» Aim of the exercise
Starting at the line with "ナチュラルなストレートスタイ", copy each line through the last one below exactly as written, without any pictures.

[Supplied information Boundary: Start]

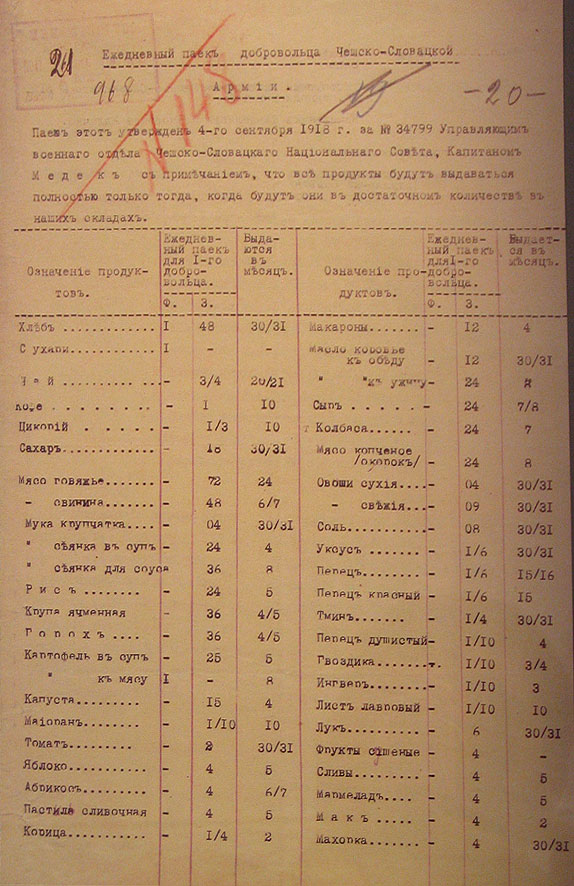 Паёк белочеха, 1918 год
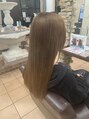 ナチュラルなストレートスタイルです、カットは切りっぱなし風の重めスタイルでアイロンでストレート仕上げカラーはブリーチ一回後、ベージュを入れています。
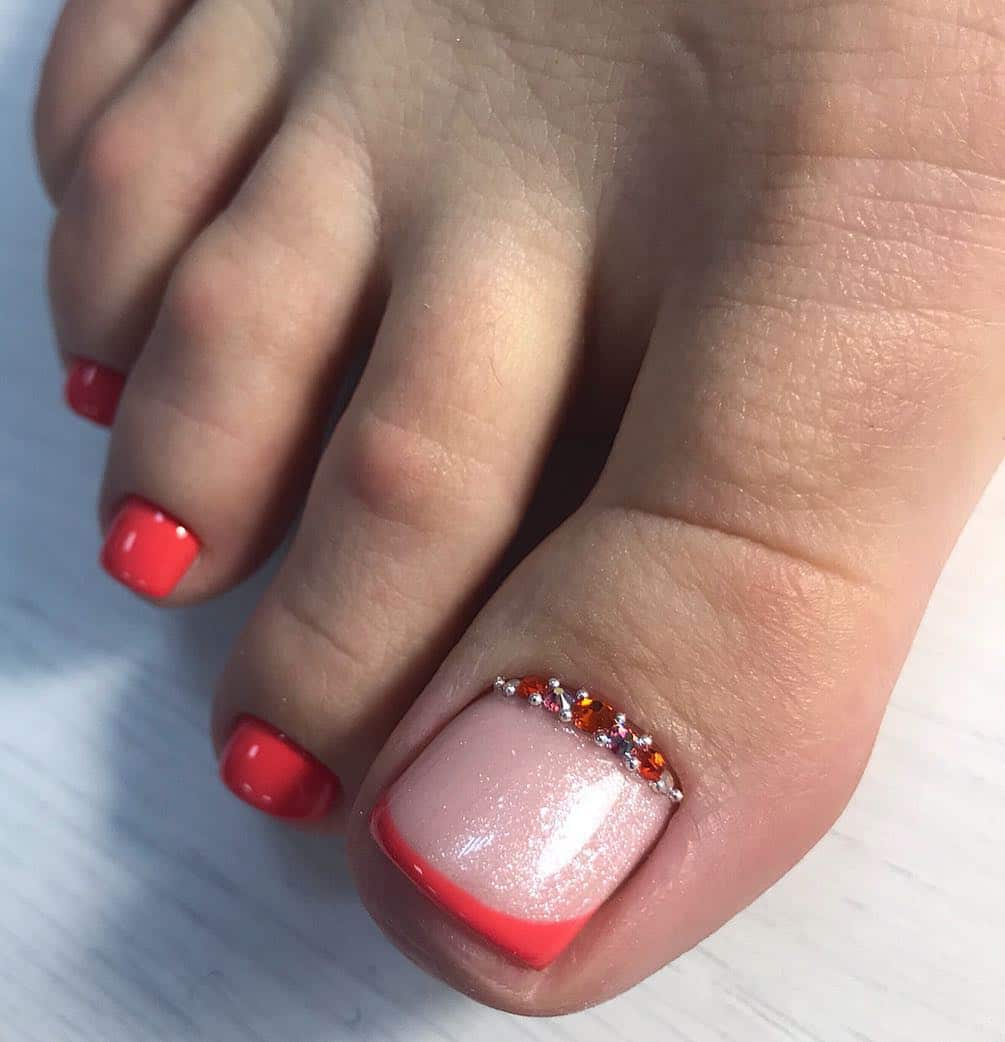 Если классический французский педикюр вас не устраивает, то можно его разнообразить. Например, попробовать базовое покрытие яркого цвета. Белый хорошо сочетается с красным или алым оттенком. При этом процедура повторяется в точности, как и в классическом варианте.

[Supplied information Boundary: End]

» Problem solution
 ナチュラルなストレートスタイルです、カットは切りっぱなし風の重めスタイルでアイロンでストレート仕上げカラーはブリーチ一回後、ベージュを入れています。
 Если классический французский педикюр вас не устраивает, то можно его разнообразить. Например, попробовать базовое покрытие яркого цвета. Белый хорошо сочетается с красным или алым оттенком. При этом процедура повторяется в точности, как и в классическом варианте.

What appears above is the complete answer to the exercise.